By James Langton
(August 23 – 12:25 ET) – Bank of Montreal executives had to face the music in a conference call with analysts yesterday. BMO profits for the third quarter rose only 1.2%.
After the usual round of perfunctory questions about balance sheet and income statement clarifications, TD Securities analyst, Roy Palmer, tightened the screws on BMO CEO Tony Comper. Palmer pushed for confirmation from Comper that BMO’s executives really believe their results represent good performance.
Comper held his ground. He insisted that the results are good and that the bank is “on track” with its financial objectives. The market obviously don’t think they’re good, Palmer retorted, pointing out that the bank’s stock was had dropped about $2.40.
Comper reiterated that wealth management, along with personal and commercial banking was most responsible for the bank’s profit growth, while poor results in investment banking and its Bancomer unit held down overall results. The private client division reported earnings up 27% in the quarter and 54 % on the year.

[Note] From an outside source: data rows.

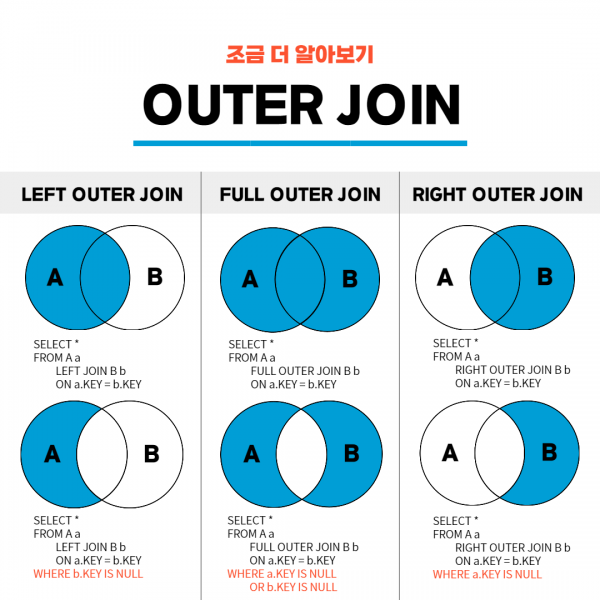 - (LEFT OUTER JOIN에서만) OUTER를 생략 가능 : LEFT OUTER JOIN ON => LEFT JOIN ON
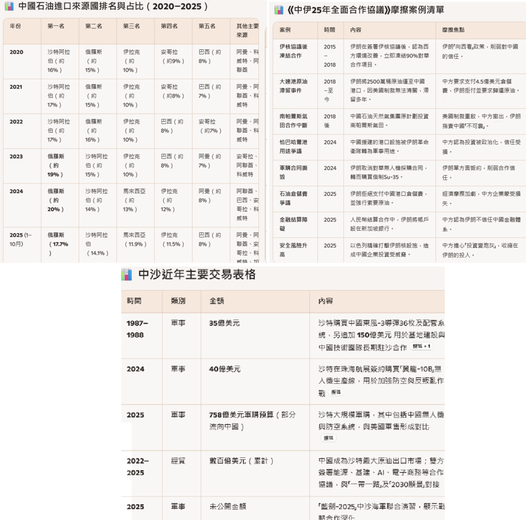 我用AI整理了一份中國石油進口來源國排名與占比的表格(2020–2025),其中顯示,在中國的石油來源佈局中,最近被認為可能崩潰地伊朗、以及前幾天被美國洗劫石油的委內瑞拉,根本不佔大頭,或者說根本排不上號。
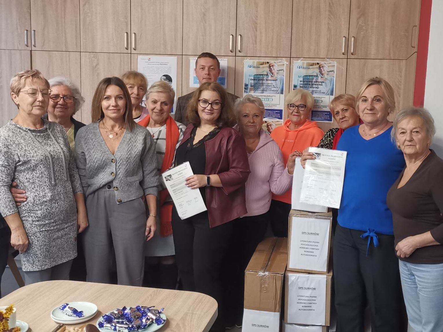 W spotkaniu podsumowującym prócz seniorów z Klubu Aktywnego Seniora uczestniczył zespół projektowy Krasnostawskiego Aktywnego Seniora, działający przy MOPS – Monika Sawa oraz Justyna Pezda oraz kadra zarządzająca placówek domów pomocy społecznej, które również pomagają osobom starszym. Obecna była zatem dyrektor DPS w Surhowie Monika Łukasik, zastępca dyr. DPS w Krasnymstawie Tomasz Duda i kierownik Dziennego Domu Pomocy Społecznej w Krasnymstawie Maria Radczuk. I właśnie do tych trzech placówek trafią zebrane książki. O akcji opowiedziała jej inicjatorka, animatorka Punktu Wsparcia Seniora Justyna Pezda.
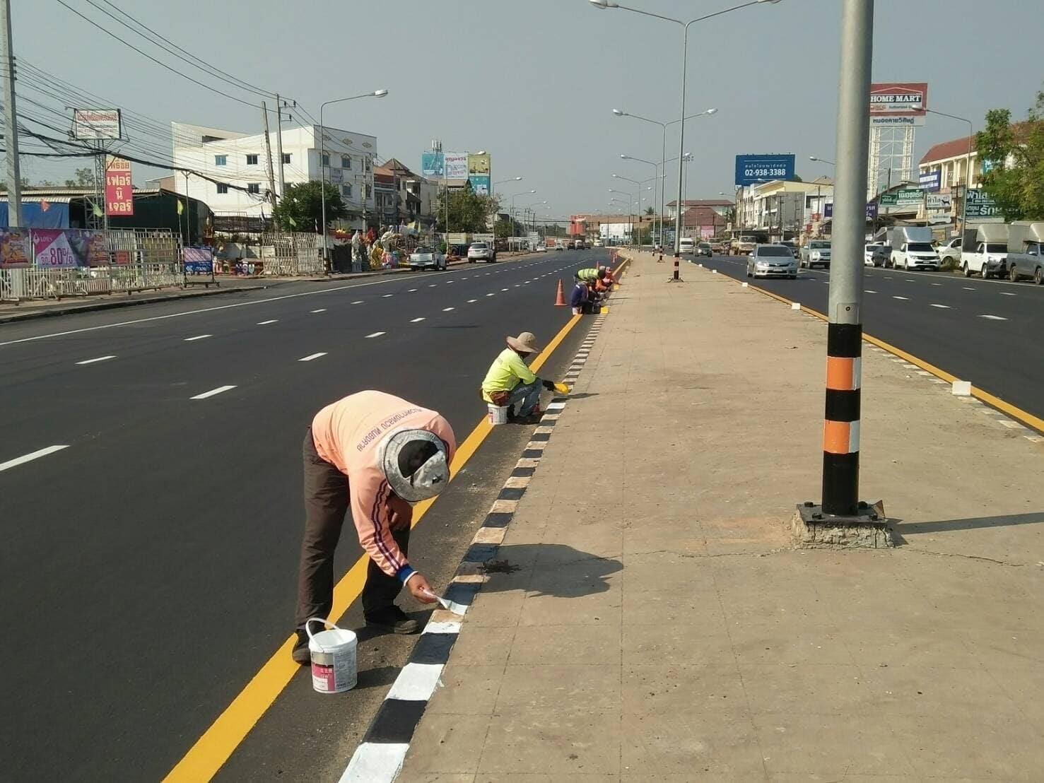 ดำเนินการ ทาสีขาวดำเกาะกลางถนน
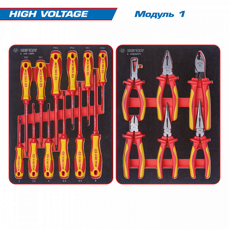 Набор инструментов "HIGH VOLTAGE" для тележки, 6 ложементов, 117 предметов KING TONY 932-117VEMRVD.
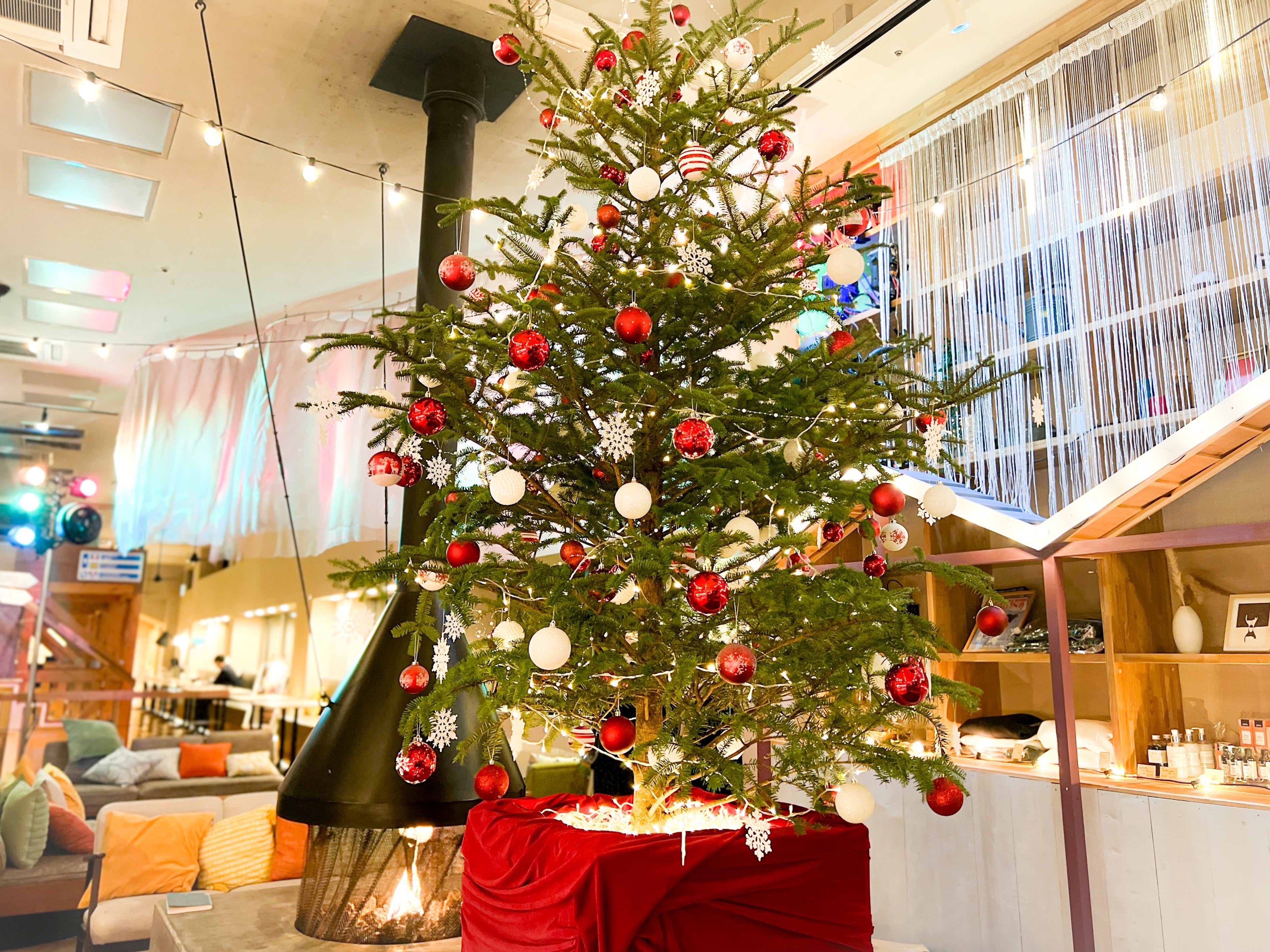 暖炉前のラウンジには冬シーズン限定で本物の巨大もみの木が登場! キラキラ光るイルミネーションや可愛いオーナメントにも注目を。
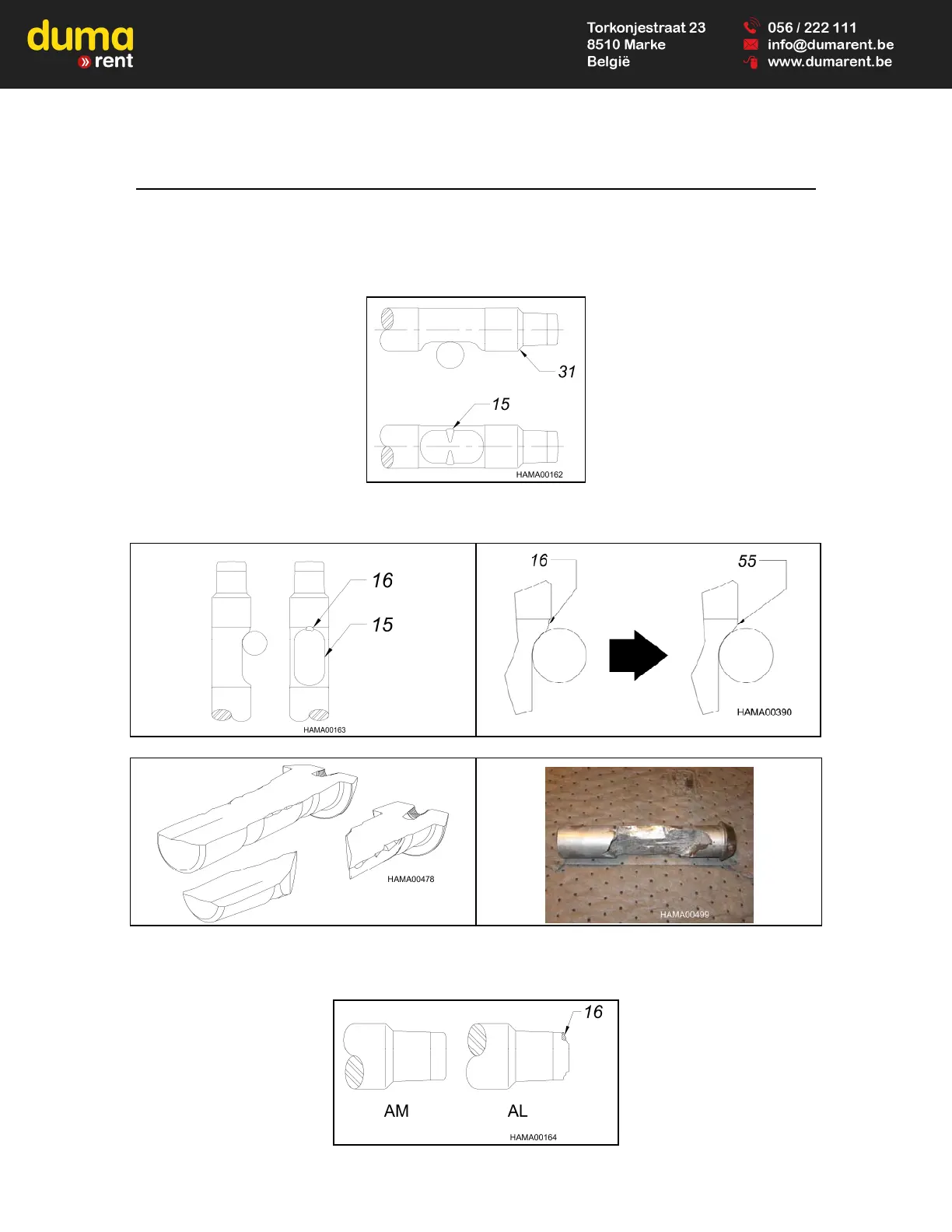 1. Deformation may occur on the tool in the retaining pin contact area (15) or thrust

Gilles Ouellette, head of the private client division, reported that BMO now has 1,449 financial advisors and hopes to have 1,464 by the end of the year, on target with its plan to add 100 advisors per year.
The new Investment Funds Specialist sales force — BMO’s new in-branch investment division –is up to 321 people. 232 of them are actually specialists. 67 are full-fledged financial advisors, and there are 22 sales managers. Ouellette says it hopes to have 700 people in this group within three years. He’s looking to add 250 new advisors per year.
Goldman Sachs analyst, Heather Wolf, asked Comper about the productivity of the new sales force. While they wouldn’t give specific numbers, Comper and Ouellette, reported that although they have only been operating since January. Further, said Comper, their sales targets, productivity is ahead of expectations and they remain “optimistic” about the strategy.